* Activity
Return nothing but the lines from the line with "Nasal Burun Aspiratörü" through the last line of the entries that follow, copied exactly and free of pictures.

* Raw data
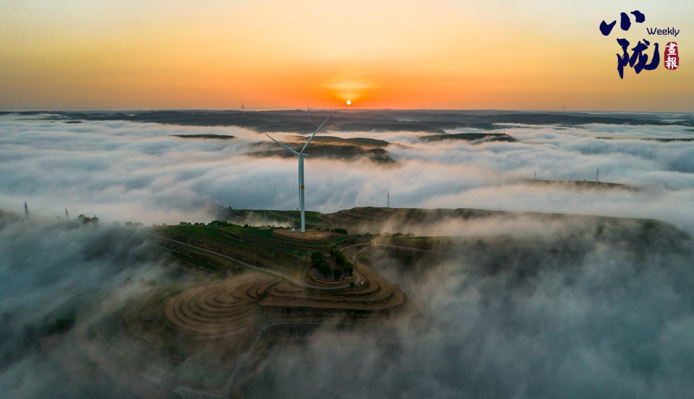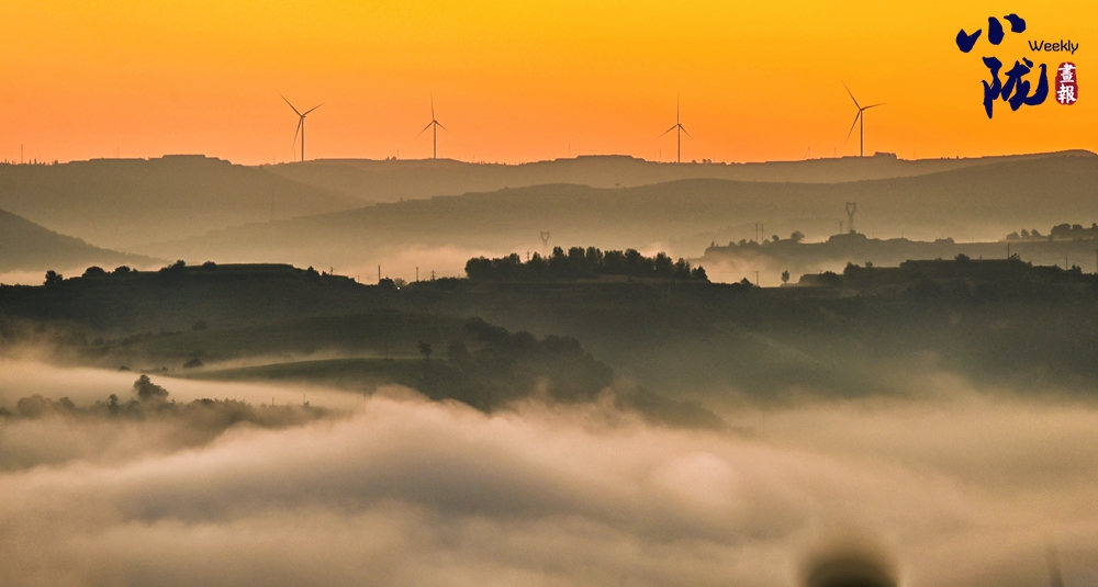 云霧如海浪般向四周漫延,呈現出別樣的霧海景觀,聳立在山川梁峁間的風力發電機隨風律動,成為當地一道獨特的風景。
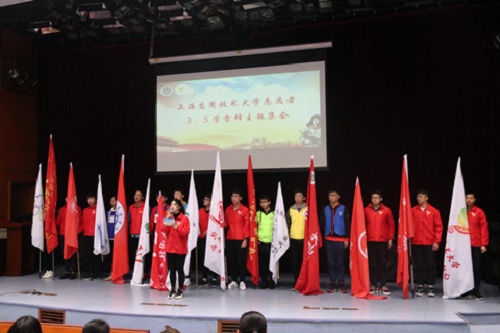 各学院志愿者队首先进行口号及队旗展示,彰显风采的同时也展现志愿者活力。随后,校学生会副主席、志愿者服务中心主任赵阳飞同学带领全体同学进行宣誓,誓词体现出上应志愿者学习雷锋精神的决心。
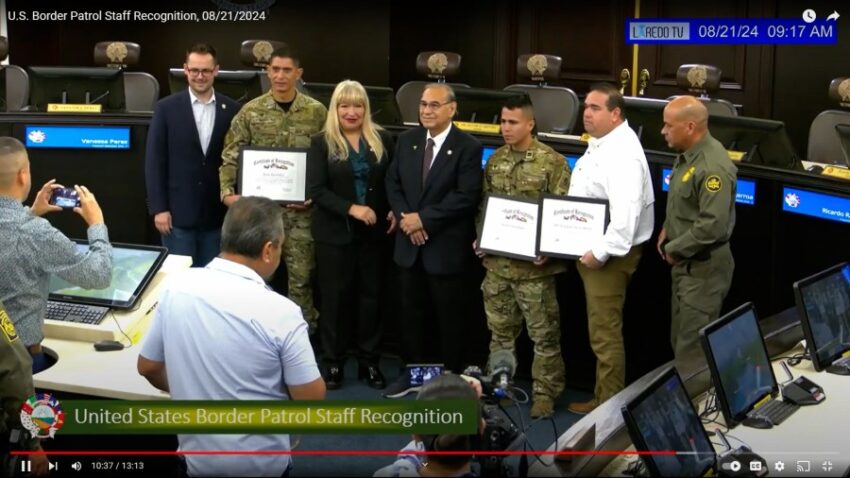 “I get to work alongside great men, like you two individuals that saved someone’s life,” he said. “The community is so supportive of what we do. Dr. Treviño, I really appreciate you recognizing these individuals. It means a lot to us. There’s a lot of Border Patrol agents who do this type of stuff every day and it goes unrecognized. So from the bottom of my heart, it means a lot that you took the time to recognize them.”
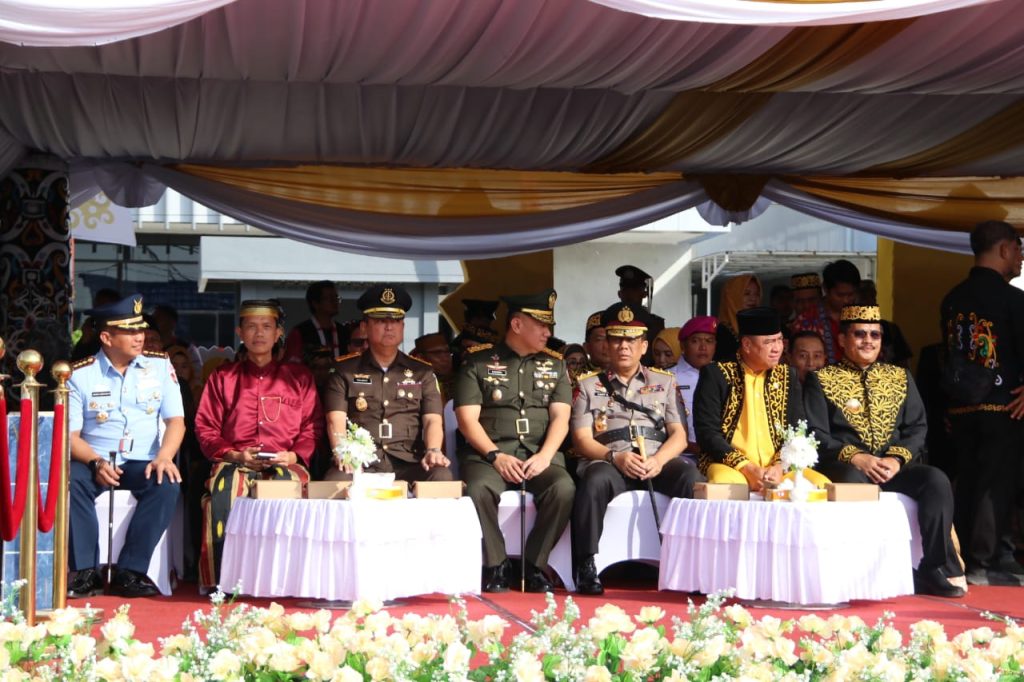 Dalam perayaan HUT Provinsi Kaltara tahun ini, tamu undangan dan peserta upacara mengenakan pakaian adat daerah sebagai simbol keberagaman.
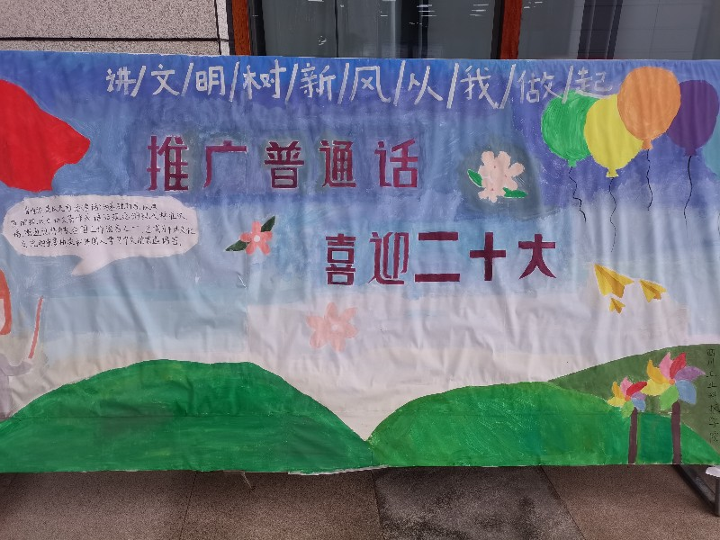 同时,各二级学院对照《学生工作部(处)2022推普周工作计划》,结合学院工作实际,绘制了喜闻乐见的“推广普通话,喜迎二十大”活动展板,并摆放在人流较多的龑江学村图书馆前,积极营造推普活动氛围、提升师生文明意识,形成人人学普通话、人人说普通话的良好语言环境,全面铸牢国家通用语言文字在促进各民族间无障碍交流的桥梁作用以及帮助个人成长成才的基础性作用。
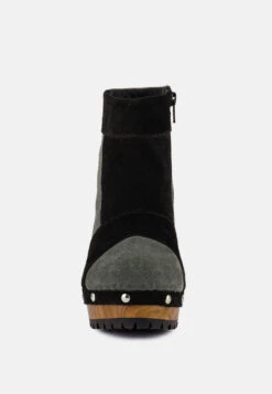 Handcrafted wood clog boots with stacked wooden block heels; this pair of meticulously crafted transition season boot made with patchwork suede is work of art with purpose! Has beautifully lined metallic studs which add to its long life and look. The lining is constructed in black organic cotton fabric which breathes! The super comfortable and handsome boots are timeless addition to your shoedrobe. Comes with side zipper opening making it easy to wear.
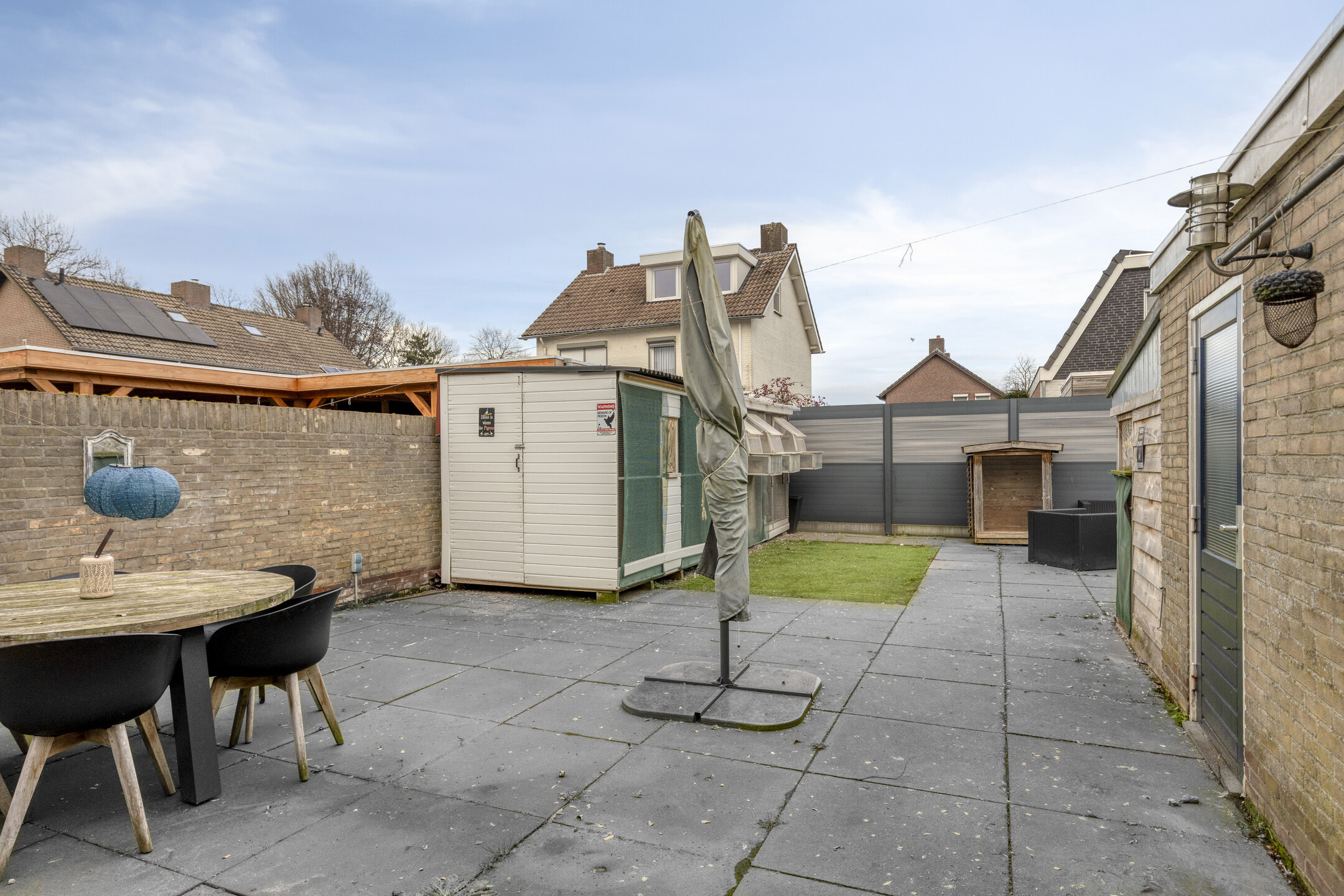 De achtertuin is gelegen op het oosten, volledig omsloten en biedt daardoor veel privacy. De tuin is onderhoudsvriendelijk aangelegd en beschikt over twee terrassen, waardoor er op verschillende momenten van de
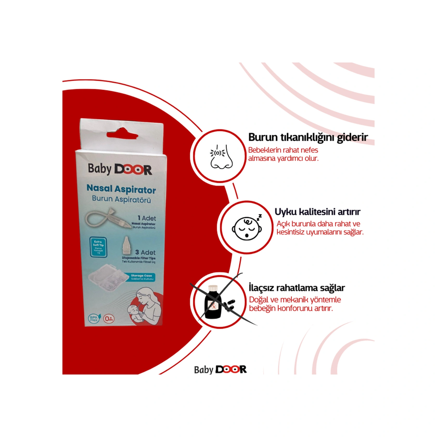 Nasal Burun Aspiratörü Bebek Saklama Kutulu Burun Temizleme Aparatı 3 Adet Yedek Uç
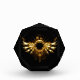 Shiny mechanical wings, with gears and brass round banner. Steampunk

* Response below
 Nasal Burun Aspiratörü Bebek Saklama Kutulu Burun Temizleme Aparatı 3 Adet Yedek Uç
 Shiny mechanical wings, with gears and brass round banner. Steampunk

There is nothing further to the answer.